PowerShell and Server Core

 By Richard Siddaway, PowerShell MVP and author on a number of books on PowerShell, Active Directory and Windows Administration. He is a regular speaker at the PowerShell Summit and user groups, and blogs regularly on his PowerShell blog.

Sometimes, when you have multiple problems you can use one problem to help you solve the other. This situation exists with PowerShell and Server Core. Server core is a version of Windows Server (now the default installation option) that doesn’t have a GUI – a fact that seems to put a lot of IT Pros off. PowerShell is a scripting language and automation engine for administering Windows systems – a lot of IT pros don’t feel comfortable using PowerShell, if they’ve even looked at it. By learning how to use PowerShell effectively you can manage Server Core instances as easily as GUI versions of Windows.

Skill up for Windows Server 2016

This knowledge will become especially useful with the introduction of Nano Server and Windows Containers in Windows Server 2016. Nano server has an even smaller footprint than Server Core and you can’t log on to it – all administration has to be performed remotely. Windows Containers are a lightweight virtualisation platform that again, are managed remotely. Knowing how to manage systems remotely will be a big advantage.

Origins

Server core was introduced in Windows Server 2008. That version didn’t have PowerShell and had to be managed by scripts written in VBScript. PowerShell appeared in Windows Server 2008 R2 Server Core, but it wasn’t until Windows Server 2012 and Windows Server 2012 R2 that managing Server Core became really easy because of the explosion in the number and type of cmdlets available. Things that required extensive scripting became simple one line commands.

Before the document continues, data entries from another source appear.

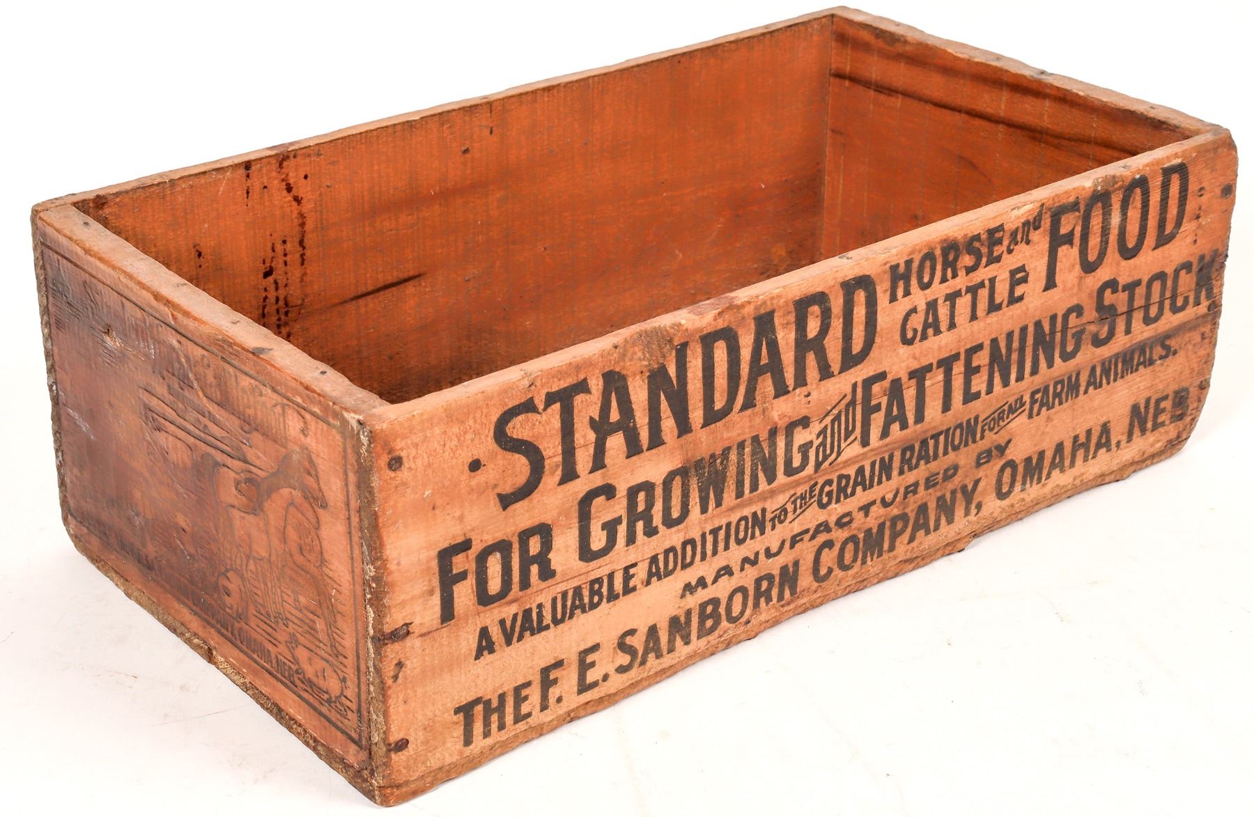 Ornate Standard Horse and Cattle Food rectangular wood box with fancy horse and cattle scene end panels. 6x18x10". Nebraska Omaha Gary Bracken Collection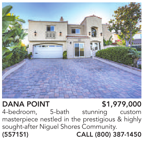 DANA POINT $1,979,000 4-bedroom, 5-bath stunning custom masterpiece nestled in the prestigious & highly sought-after Niguel Shores Community. (557151) CALL (800) 387-1450
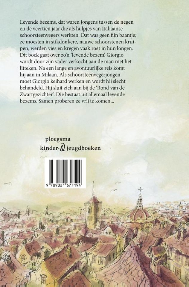Dit boek gaat over zo'n 'levende bezem'. Giorgio wordt door zijn vader verkocht aan de man met het litteken. Na een lange en avontuurlijke reis komt hij aan in Milaan. Als schoorsteenvegerjongen moet Giorgio keihard werken en wordt hij slecht behandeld. Hij sluit zich aan bij de 'Bond van de Zwartgezichten'. Die bestaat uit allemaal levende bezems. Samen proberen ze vrij te komen...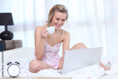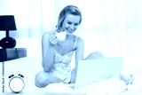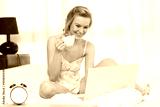 Pretty woman taking a pill sitting on bed at home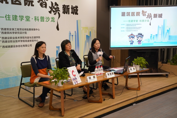 11月21日,由廣西建築安裝工程勞動保險費保障中心、廣西建築科學研究設計院主辦,廣西城鎮建設雜誌社有限公司承辦的“建築醫院智煥新城——住建學堂·科普沙龍”在廣西建設職業技術學院舉辦,廣西壯族自治區建築科學研究設計院副院長楊帆、廣西建設科技與建築節能協會會長朱惠英和上海天與智慧養老服務有限公司總經理劉欣3位專家,圍繞“‘建築醫院’煥新城市,科技賦能安居民生”主題,與現場50名學生進行案例分享與互動交流。
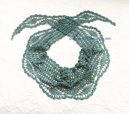 Fresh Pineapple is my own fresh interpretation of the traditional crochet pineapple motif stitch pattern, and I have added it as an edging for a scarf that is crocheted from side to side. This pattern takes my side to side construction technique and steps it up a notch! The two stitch patterns of the scarf form a shallow crescent-like shape, with the pineapple motif edging crocheted on the bottom edge of the scarf as you crochet through the rows. You will crochet a 14-row repeat that is easily memorized that includes the edging and the body of the scarf.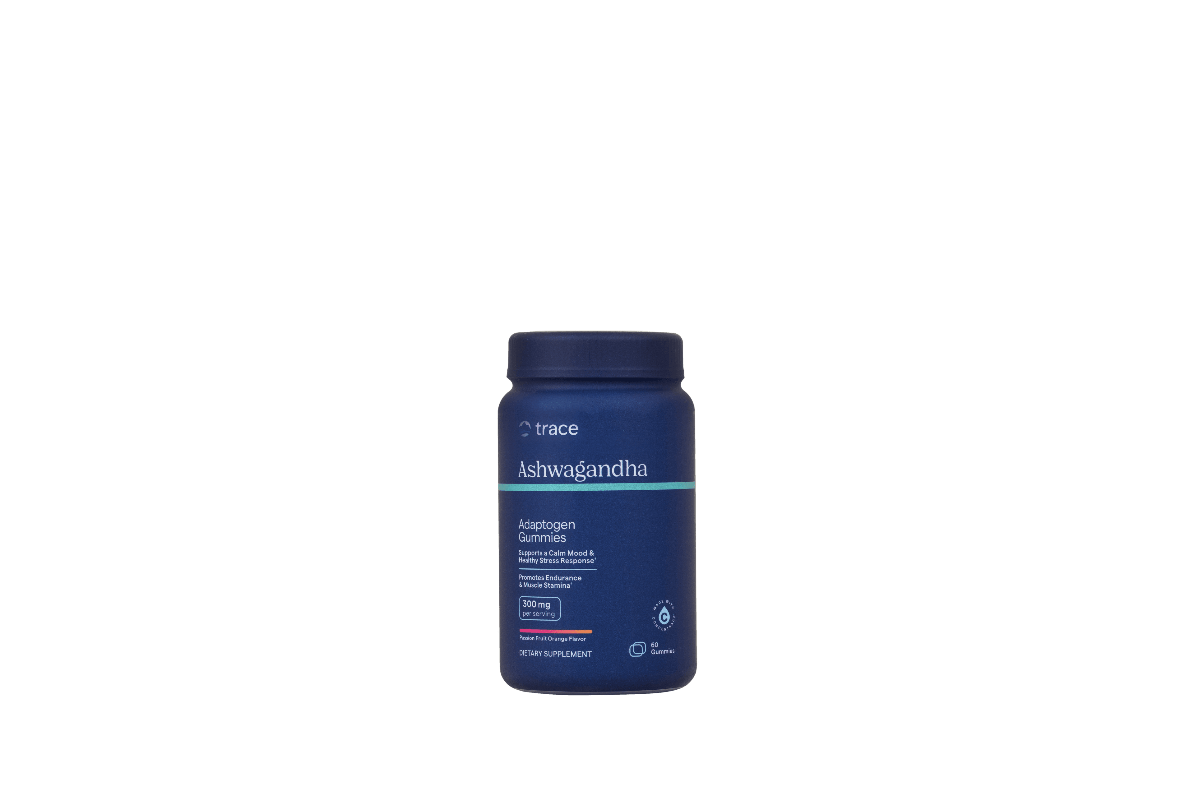 Innihald í einum skammti: Ashwagandha root extract 300 mg Vítamín D3 25 mcg(1000IU) Sodium (Sodium Citrate) 10 mg Added sugar 2 g Önnur innihaldsefni: Lífrænn sykur, lífrænt tapíókasíróp, pektín, sítrónusýra, náttúruleg bragðefni (ástríðualdinolía, appelsínugult, náttúrulegt bragð), tumeric (Curcuma longa) og appelsínugul paprika (litur), natríumsítrat.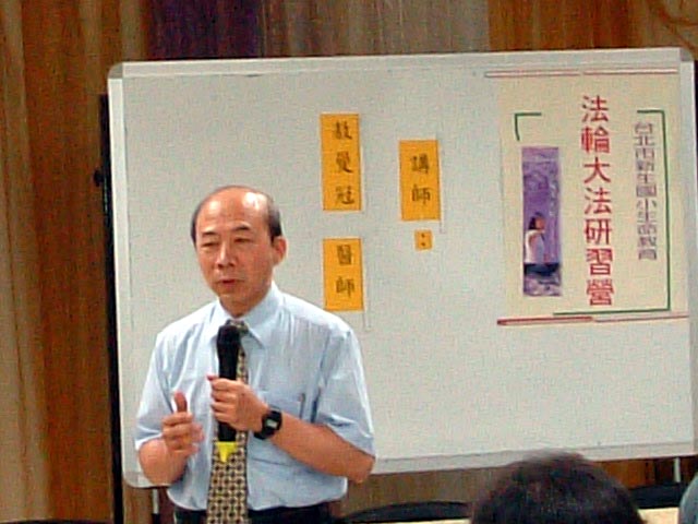 新生国小的一位朱姓家长,是一名英文教师,看到修炼法轮功的妹妹,也是一名小学教师,几年来的改变惊人,变得年轻健康、快乐有自信,智慧大开,写文章、画画还成为网路高手,永远有用不完的精力,觉得法轮功真神,听就读新生国小的孩子说暑假学校有法轮功教师研习,马上打电话报名。研习第一天回来告诉太太,这是他上过最有意义的一课,周日就带着太太和两个孩子全家一起参加研习,研习结束后,越看《转法轮》这本书越觉得内涵博大精深,就加入新生国小炼功点的炼功和集体学法。

For the rest of the article I’m going to work through creating, configuring and managing a Windows Server 2012 R2 Server Core instance. The code should all work the same on Windows Server 2012. For ease of use I really recommend using the 2012 versions rather than the 2008 versions.

Contents

Creating a Server Core instance

Configuring your Server Core Administering the new machine

Adding Windows features to your Server Core

 

Creating a Server Core instance

First off we need to create a Server Core instance. Time to create a virtual machine. If you have an automated process for creating VMs then feel free to use that. In my lab I create VMs manually because I’m not creating them often enough to warrant the investment in further automation – though I think that will need to change soon.

Creating a new VM

You create a new VM using the Hyper-V cmdlets – you didn’t think I was going to let you use the GUI did you? Feel free to change the variables, paths and other data to match your environment.

$newmachine = 'W12R2SC01'

 

$path = 'C:\VirtualMachines'

New-Item -Path $path -Name $newmachine -ItemType Directory

 

$vmfolder  = Join-Path -Path $path -ChildPath $newmachine

$vdiskname = Join-Path -Path $vmfolder -ChildPath "$newmachine.vhdx"

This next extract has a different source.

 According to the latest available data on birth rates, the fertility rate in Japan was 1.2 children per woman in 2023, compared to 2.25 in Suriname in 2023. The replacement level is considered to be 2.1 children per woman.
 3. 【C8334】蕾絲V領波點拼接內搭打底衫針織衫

Define the new machine name – I build the version information into the name for my lab, but feel free to use your own convention. My VMs are stored in C:\VirtualMachines so define the path to that and create a folder for the new machine. Use the new machine name, path and folder information to create variables holding the folder path and the virtual disk name.

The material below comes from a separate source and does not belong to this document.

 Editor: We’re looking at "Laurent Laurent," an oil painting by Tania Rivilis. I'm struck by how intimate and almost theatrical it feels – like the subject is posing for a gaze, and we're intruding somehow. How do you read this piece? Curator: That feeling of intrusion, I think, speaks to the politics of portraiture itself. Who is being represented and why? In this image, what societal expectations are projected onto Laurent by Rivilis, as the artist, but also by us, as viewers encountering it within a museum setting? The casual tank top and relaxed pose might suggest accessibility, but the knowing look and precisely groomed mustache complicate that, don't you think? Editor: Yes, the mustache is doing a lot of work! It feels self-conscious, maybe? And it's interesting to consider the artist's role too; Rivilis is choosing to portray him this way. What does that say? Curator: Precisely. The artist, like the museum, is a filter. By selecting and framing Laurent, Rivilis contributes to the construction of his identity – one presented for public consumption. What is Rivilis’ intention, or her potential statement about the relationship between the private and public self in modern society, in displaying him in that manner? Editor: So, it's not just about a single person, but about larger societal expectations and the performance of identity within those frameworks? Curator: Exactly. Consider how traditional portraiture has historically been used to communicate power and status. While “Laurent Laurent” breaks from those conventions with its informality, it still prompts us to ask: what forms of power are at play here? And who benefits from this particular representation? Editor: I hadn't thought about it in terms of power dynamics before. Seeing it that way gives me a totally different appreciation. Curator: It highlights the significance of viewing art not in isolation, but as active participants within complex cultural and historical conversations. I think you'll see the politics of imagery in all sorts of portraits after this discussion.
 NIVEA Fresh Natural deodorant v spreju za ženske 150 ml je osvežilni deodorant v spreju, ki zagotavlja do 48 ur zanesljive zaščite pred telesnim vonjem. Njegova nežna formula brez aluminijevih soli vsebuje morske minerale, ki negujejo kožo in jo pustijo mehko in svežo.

The other piece of information you need to create a VM is the virtual switch:

$vswitch = Get-VMSwitch | select -First 1 -ExpandProperty Name

Get the list of switches, select the first one and then expand the Name property. This gives you the value of the name as a string that you can store in a variable – rather than an object where the Name is a property. This works in my lab where I just have two virtual switches. You may need to select the relevant switch differently. There is a -Skip parameter in Select-Object that helps refine your choices.

Now you can create a VM:

New-VM -Name $newmachine -MemoryStartupBytes 1024MB -Path $vmfolder -BootDevice CD -NewVHDPath $vdiskname -NewVHDSizeBytes 80GB -SwitchName $vswitch -Generation 2

Define the new Generation 2 VM using the name, path and disk name already created. The startup memory needs to be at least 1GB. Hyper-V thinks in MB for this so I’ve used 1024MB (PowerShell understands KB, MB, GB, TB and PB). The VM will boot from the DVD and use the switch defined earlier. An 80GB virtual disk will be created.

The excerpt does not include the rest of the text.